The critical points of the response surface are the key points to find to guarantee the long-term validity of the surrogate as new data is collected, and are generally where the interesting physics occurs. To demonstrate this, we applied our methodology to two test problems. We showed that we could efficiently learn surrogates for the equation of state calculations of dense nuclear matter, yielding excellent agreement between the surrogate and model both across the parameter range and specifically in the region, which includes physically-relevant features, such as a phase transition. We also showed that our methodology can produce highly-accurate surrogates for radial distribution functions, expensive molecular dynamics simulations, neutral and charged systems of several dimensions across an extensive range of thermodynamic conditions.

Nanoconfinement in shale

Shale reservoirs have redefined the energy landscape in the world38. Currently, shale reservoirs account for 70% of the total US gas production and 60% of the entire US oil production39. However, their characteristics significantly differ from conventional reservoirs.
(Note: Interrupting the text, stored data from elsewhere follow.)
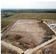
Подготовка строительной площадки
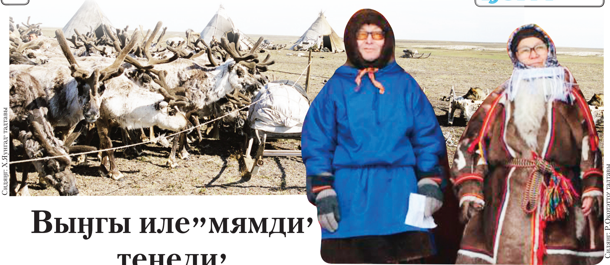
Сидяңг. Х.Яунгад тадтавы
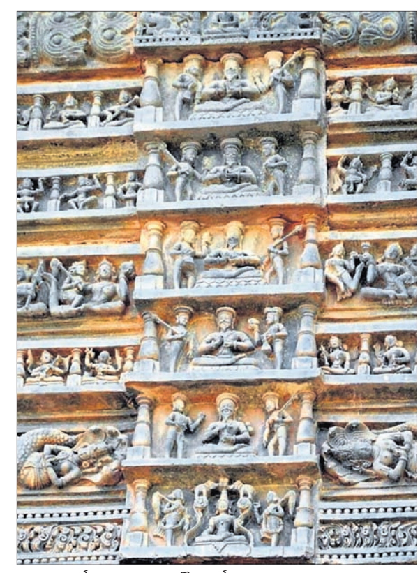
କୋଣାର୍କଠାରେ ପାଣ୍ଡୁପତ ଶୈବାଚାର୍ଯ୍ୟ ରୁରୁ ଶ୍ରୀନକୁଳାଶଙ୍କ ବାରବନ୍ଧର ସୁନାକାର୍ଯ୍ୟ।

■ ରୂପାସଗଡ଼ ଦଳବେହେରା ଦେଇଥିଲେ ଚନ୍ଦନକାଠର ପାଠୁକା ■ ଗଙ୍ଗବଂଶର ରାଜକାୟ ଚିହ୍ନ ରହିଥିଲା ଖଣ୍ଡାରେ
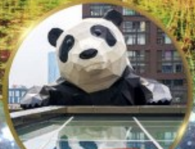
แพนด้ายักษ์

มหัศจรรย์ความงาม อุทยานจิวจ้ายโกว (รวมรถเหมาเที่ยวอุทยานเต็มวัน) ชมอุทยานหวงหลง (รวมกระเช้า) • สัตว์ดุ • อุทยานของเขี้ยวโกว (รวมรถอุทยาน) เมืองเก่าชงพาน • ถนนคนเดินจิมหลี่ + ไถ่ตู้หลี่ • ชมแพนด้ายักษ์ป็นตึก
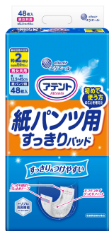
『アテント 紙パンツ用すっきりパッド 2回吸収』

衛生用紙製品 No.1 ブランド ※1 の「エリエール」を展開する大王製紙株式会社（本社：東京都千代田区）は、「アテント 紙パンツ用さらさらパッド 通気性プラス」のモレやつけやすさを改良した『アテント 紙パンツ用すっきりパッド 2回吸収』、『アテント 紙パンツ用夜 1枚安心パッド 4回吸収／6回吸収』を2024年5月21日（火）から全国発売します。
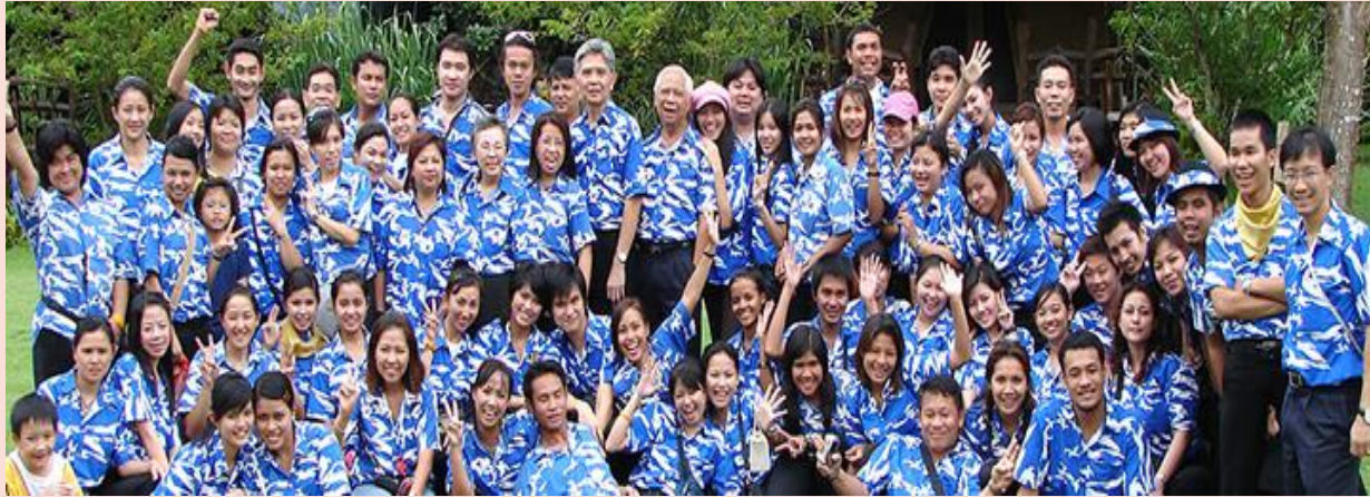
ภาพยูนิฟอร์มมัดคุเตศ์บริษัทหนุ่มสาวทัวร์
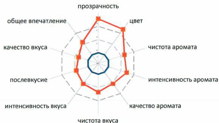
Рис.2.1. Сравнение качества образцов вина тихого (дегустация 24.09.2021 сет 2)
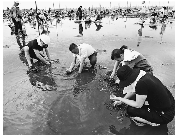
皆さん夢中で探しています

し海ほたる経由で一路潮干狩り会場へ向かいました。潮干狩りトップシーズンと言う事で道のりの渋滞が頭に過ぎりましたが、バスの運転手さんの素早い対応で情報収集して頂いた為、渋滞も回避できてあっという間に潮干狩り会場に到着しました。今までも同じところに行きましたがこんな順調にいった事がありません。あとはメインディッシュのアサリが沢山取れば問題がありません。アサリ会場を見渡すとゴールデンウィーク明けとは思えないほどの賑わいでした。目測ですが数千人はいましたね。私も会場に向かいポイントに到着するまでに周りの取れ具合も確認しましたが、全体的に見てもかなり良い取れ具合でした。後は
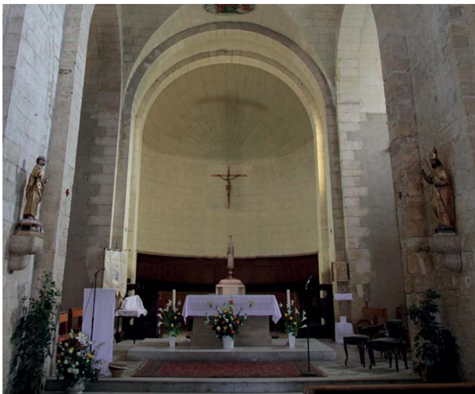
Istres, Notre Dame de Beauvoir - Intégration du projet du reliquaire au fond du chœur
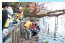
チョコッとかいぼり隊の様子

井の頭池で捕れた生きものを水槽展示します。普段はなかなか見られない池の中をのぞきにきてね。井の頭かいぼり隊と一緒に池に設置しているアメリカザリガニのワナ揚げの体験イベント「チョコッとかいぼり隊」も開催!
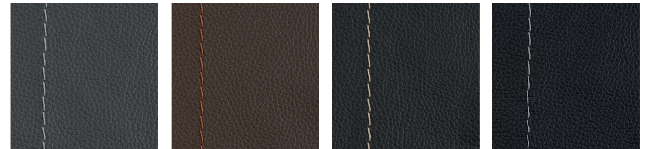
zinn erde kaffee nacht

HINWEIS: Die Darstellung der Muster ist aus technischen Gründen nicht farbverbindlich und dient nur als Übersicht. Bitte wenden Sie sich an unsere Partner im Möbelfachhandel, hier finden Sie unsere aktuelle Leder- und Stoffkollektion.
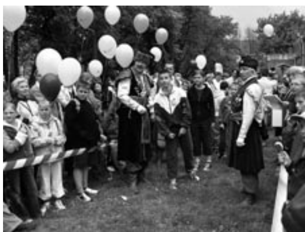
Finał Konkursu o tytuł Małego Króla Kurkowego – rzut lotkami do kura z balonów, fot. M. Niechaj

które odbyły się w dniu święta miasta 5 czerwca. W latach 2003–2004 przeprowadzono następujące konkursy: Nie od razu Kraków odnowiono, czyli dzieje odnowy zabytków Krakowa (dla młodzieży licealnej, finał 24 IV 2003); Kraków 1795–1918 (dla gimnazjalistów, finał 28 IV 2003); Kraków metropolią czy prowincją Europy? (licealiści, finał 21 V 2004); Kraków romański i gotycki (gimnazjaliści, finał 14 V 2004); Kraków – Wieliczka miasto światowego dziedzictwa kultury – nowy konkurs ideowo nawiązujący do wystawy Kraków w odnowie z 2003 roku (licealiści, finał 24 V 2004); Kraków renesansu i baroku (gimnazjaliści) oraz Kraków maceznik czy Polski Piemont (licealiści).
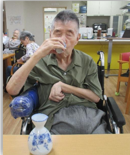
徳利とおちょこで居酒屋気分♪
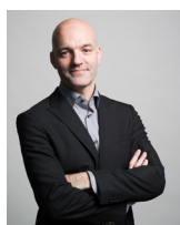
Thierry Debons © Alain Kissling
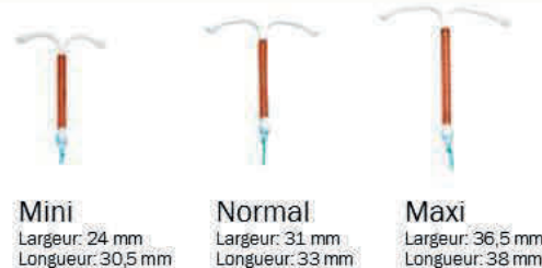
Mini Largeur: 24 mm Longueur: 30,5 mm

Sethygyn 380 Ag Maxi - Code ACL 7 : 9712133 - Code ACL 13 : 3401097121338
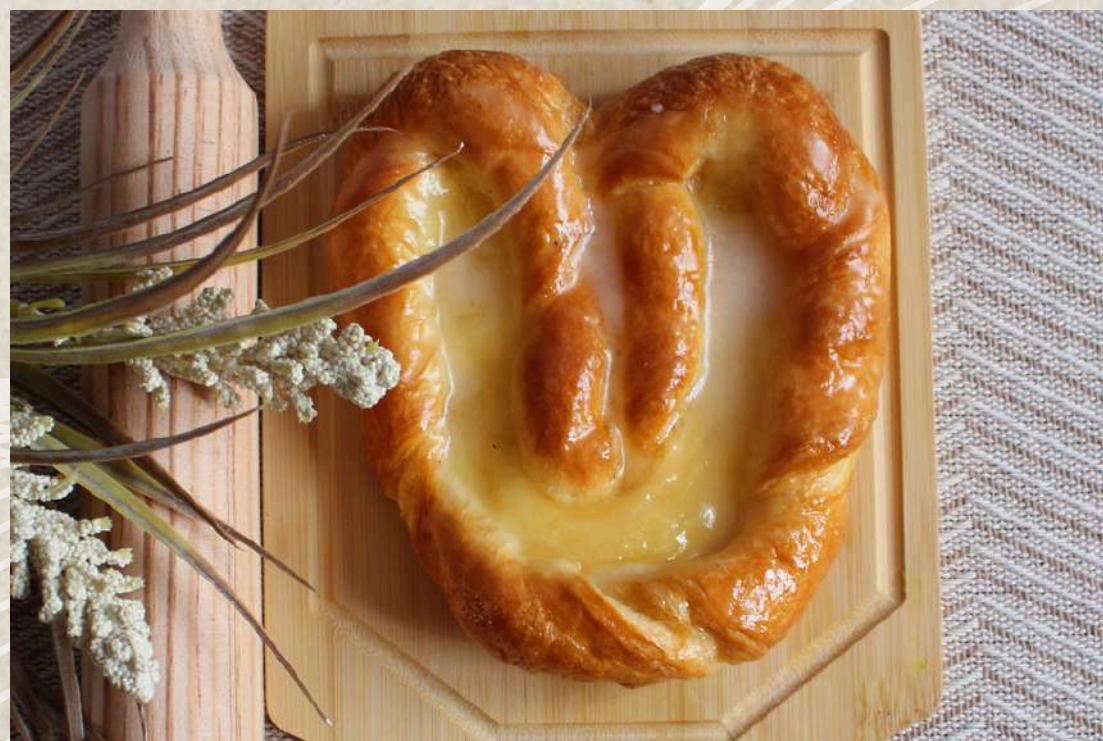
OREJA COD. 114

Among these characteristics is the nanoconfinement, where the fluid/pore wall interactions dominate the fluid behavior40. In shale, approximately 80% of the pores is less than 50 nm41. At this scale, surface phenomena such as adsorption and slip control the equilibrium and transport properties of the fluid42. However, most of the current continuum simulators do not account for these effects17.

Given the challenges of the nanoscale experiments, we augmented the limited experimental data with molecular simulation to reveal the confinement effects. MD simulation has become a necessary research technique to conduct computational experiments, giving us an ever-increasing ability to predict matter’s physical and chemical properties and probe experimentally inaccessible areas such as confinement. However, the computational cost of molecular simulation is prohibitive to studying natural systems5. Therefore, scale-bridging techniques become necessary to upscale the molecular simulations insights to continuum pore-scale simulations5.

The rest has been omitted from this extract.